## [EXTRACTED DATA]
···

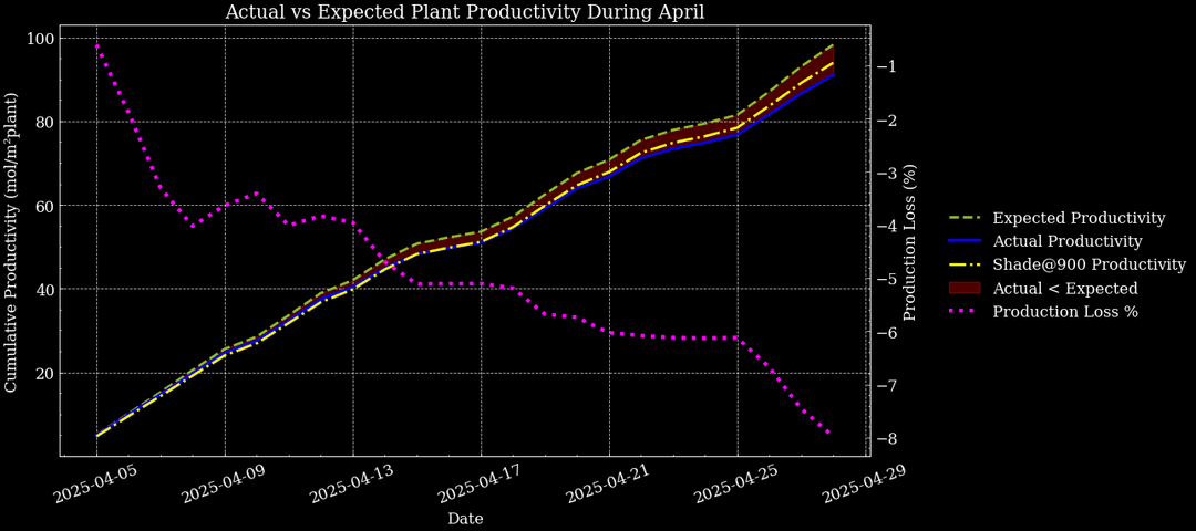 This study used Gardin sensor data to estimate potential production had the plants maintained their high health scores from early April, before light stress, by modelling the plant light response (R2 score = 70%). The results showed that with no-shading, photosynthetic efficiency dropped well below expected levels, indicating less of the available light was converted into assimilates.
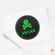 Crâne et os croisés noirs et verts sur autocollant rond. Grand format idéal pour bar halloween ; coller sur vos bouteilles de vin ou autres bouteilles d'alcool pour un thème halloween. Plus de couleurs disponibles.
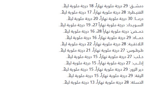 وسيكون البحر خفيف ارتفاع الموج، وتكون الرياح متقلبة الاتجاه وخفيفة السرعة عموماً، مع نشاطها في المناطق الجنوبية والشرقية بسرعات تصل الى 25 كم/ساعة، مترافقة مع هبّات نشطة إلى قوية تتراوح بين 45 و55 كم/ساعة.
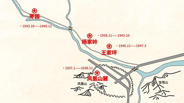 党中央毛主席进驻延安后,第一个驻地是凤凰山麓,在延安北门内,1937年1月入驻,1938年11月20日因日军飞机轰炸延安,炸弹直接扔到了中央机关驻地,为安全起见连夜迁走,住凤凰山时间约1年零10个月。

···

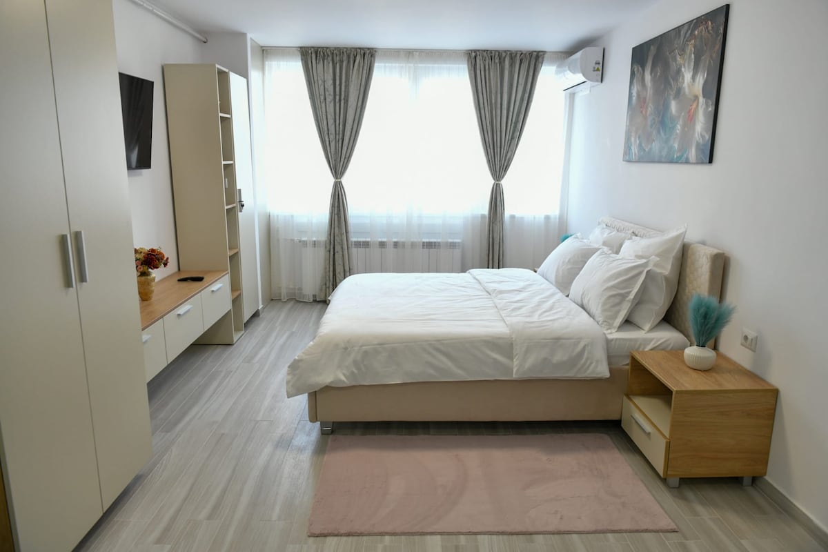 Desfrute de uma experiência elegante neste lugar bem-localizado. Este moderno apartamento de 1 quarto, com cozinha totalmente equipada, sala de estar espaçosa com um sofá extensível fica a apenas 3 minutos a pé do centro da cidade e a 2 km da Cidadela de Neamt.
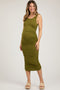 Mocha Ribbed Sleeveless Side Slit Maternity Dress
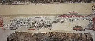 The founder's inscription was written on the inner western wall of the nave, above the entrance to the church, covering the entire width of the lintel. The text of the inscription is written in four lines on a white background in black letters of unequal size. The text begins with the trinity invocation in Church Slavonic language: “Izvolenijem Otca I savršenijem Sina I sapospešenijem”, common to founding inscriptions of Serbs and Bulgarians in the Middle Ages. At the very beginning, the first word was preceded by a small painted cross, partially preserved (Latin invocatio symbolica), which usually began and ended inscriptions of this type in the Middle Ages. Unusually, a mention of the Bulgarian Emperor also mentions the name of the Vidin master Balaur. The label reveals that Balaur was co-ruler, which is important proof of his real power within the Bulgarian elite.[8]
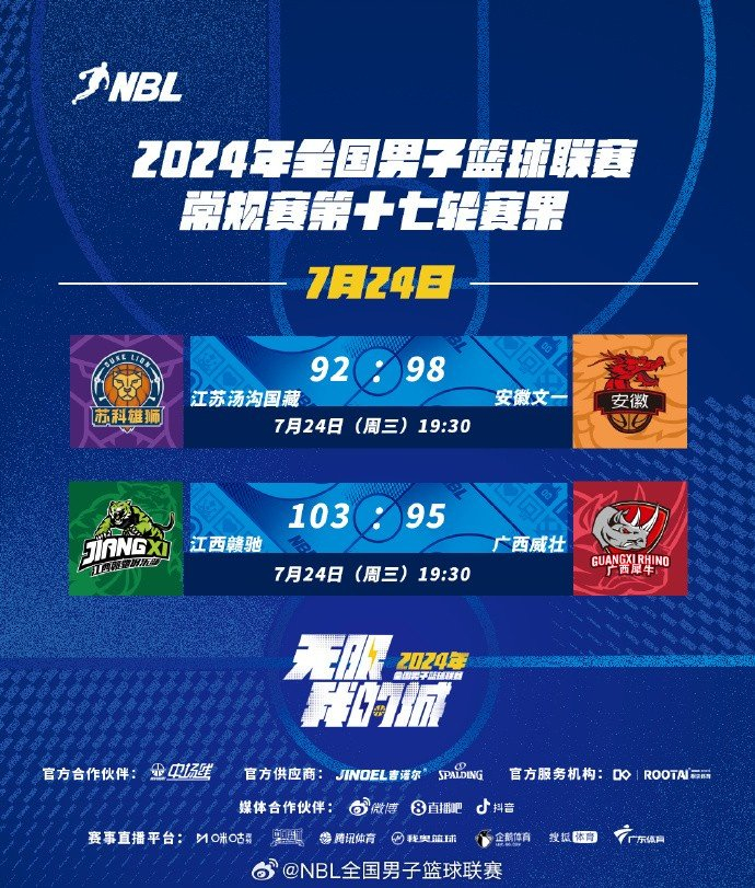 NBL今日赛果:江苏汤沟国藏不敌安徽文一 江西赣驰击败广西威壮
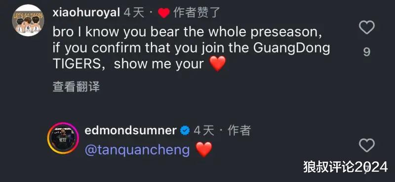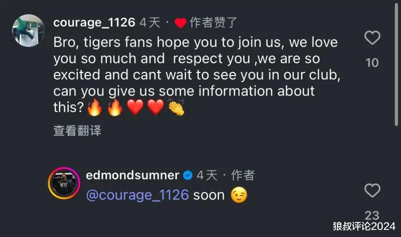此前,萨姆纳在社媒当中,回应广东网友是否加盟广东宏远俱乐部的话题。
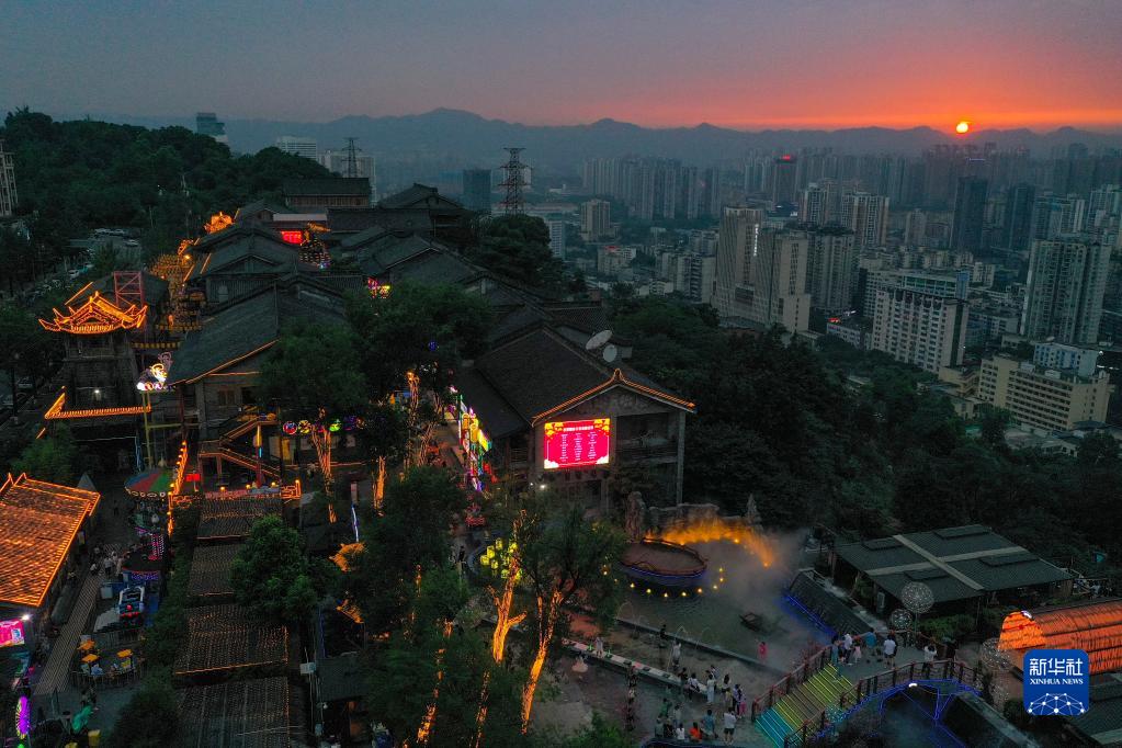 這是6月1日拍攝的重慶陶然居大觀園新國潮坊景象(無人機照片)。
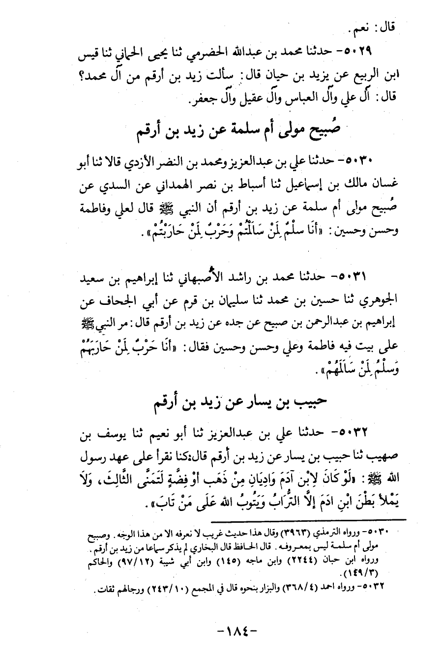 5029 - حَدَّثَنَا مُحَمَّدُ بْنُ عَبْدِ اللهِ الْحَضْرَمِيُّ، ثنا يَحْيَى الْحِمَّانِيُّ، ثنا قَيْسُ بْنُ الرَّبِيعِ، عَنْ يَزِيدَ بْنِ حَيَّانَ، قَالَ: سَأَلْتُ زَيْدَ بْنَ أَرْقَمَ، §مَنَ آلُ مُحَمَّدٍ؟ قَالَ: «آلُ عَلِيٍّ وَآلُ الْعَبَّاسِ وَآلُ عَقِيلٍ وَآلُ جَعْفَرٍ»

···

## [ACTIVITY]
Would you please repeat only the lines above, beginning at the one that has "此前,萨姆纳在社媒当中,回应广东网友是否加盟广东宏远俱乐部的话题。" and stopping after the one that has "5029 - حَدَّثَنَا", exactly and with no pictures?

## [RESULT]
此前,萨姆纳在社媒当中,回应广东网友是否加盟广东宏远俱乐部的话题。
 這是6月1日拍攝的重慶陶然居大觀園新國潮坊景象(無人機照片)。
 5029 - حَدَّثَنَا مُحَمَّدُ بْنُ عَبْدِ اللهِ الْحَضْرَمِيُّ، ثنا يَحْيَى الْحِمَّانِيُّ، ثنا قَيْسُ بْنُ الرَّبِيعِ، عَنْ يَزِيدَ بْنِ حَيَّانَ، قَالَ: سَأَلْتُ زَيْدَ بْنَ أَرْقَمَ، §مَنَ آلُ مُحَمَّدٍ؟ قَالَ: «آلُ عَلِيٍّ وَآلُ الْعَبَّاسِ وَآلُ عَقِيلٍ وَآلُ جَعْفَرٍ»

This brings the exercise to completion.